Accueil. Cycle de Shaedra, Tome 6: Comme le vent
Je marchais rapidement sur le chemin du sud, en suivant Srakhi et en pestant. Wanli n’avait aucune idée de ce qui m’était arrivé et, comme à l’évidence je n’allais par lui parler de démons, elle s’était fâchée avec moi, en me disant que je ne me souciais pas de ce qui pouvait arriver à mon oncle. Bien entendu, tous ses raisonnements absurdes étaient le fruit de sa préoccupation. Ses légers sourires paisibles et aimables de notre dernière rencontre s’étaient transformés en moues contrariées et exaspérées.
Wanli ne tarda pas à m’emmener auprès de Srakhi pour que nous quittions tous deux Aefna sans plus attendre. Nous marchâmes plusieurs heures presque sans un mot, excepté Frundis, qui exultait d’allégresse, ravi de cheminer de nouveau dans la campagne. Cependant, lorsque le soleil venait de passer le zénith, le say-guétran se tourna vers moi et soupira, comme pour signaler qu’après avoir longuement médité, il était arrivé à une conclusion.
— Décidément, tu es exactement comme Lénissu —me dit-il—. Tu commences déjà à garder des secrets. Enfin, je suppose que tu avais une bonne raison pour disparaître pendant une journée entière.
— J’avais une bonne raison —lui assurai-je, avec une moue—. Vraiment, je regrette ce contretemps. Mais je ne crois pas qu’un jour de retard soit grave au point que Wanli se mette dans cet état de… euh… —J’hésitai, puis je finis par dire— : Nervosité.
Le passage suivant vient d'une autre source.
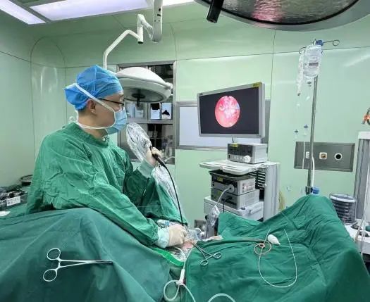 因造瘘外口与内口狭窄,手术难度极大。经过多次不断尝试,反复寻找,最终找到两侧输尿管开口。顺利放置输尿管支架管。
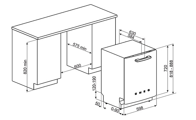 Стиль 50-х гг. Встраиваемая посудомоечная машина, 60 см. Класс энергопотребления А+++.

Srakhi haussa les épaules et prit un air pensif.
— J’admets que je suis intrigué. —J’arquai un sourcil interrogatif et Srakhi se racla la gorge, avec un léger sourire amusé—. Je suis curieux de savoir ce que pensera Lénissu de tout ça —ajouta-t-il et, tandis qu’il continuait à avancer, je demeurai silencieuse, en m’interrogeant sur le sens exact de ses paroles.
“Si tu veux que je te l’explique, tu me le dis”, intervint Syu, en regardant ses ongles avec désinvolture, confortablement assis sur mon épaule.
“Oh”, fis-je, moqueuse. “Vas-y.”
Le singe me prit une tresse et commença à la défaire pour la tresser de nouveau, tout en me répondant :
“Écoute attentivement, jeune kal”, dit-il, sur un ton de maître de Pagode. Il marqua une pause, puis il se racla la gorge et m’adressa un sourire narquois en me montrant toutes ses dents. “J’allais dire quelque chose d’intéressant, mais j’ai oublié ce que je voulais dire.”
Nous entendîmes le rire de Frundis.
“La mémoire épique des singes gawalts…”, commenta le bâton.
Syu grogna.
“Bouah, la mémoire n’est pas le plus important dans la vie”, relativisa-t-il, philosophe.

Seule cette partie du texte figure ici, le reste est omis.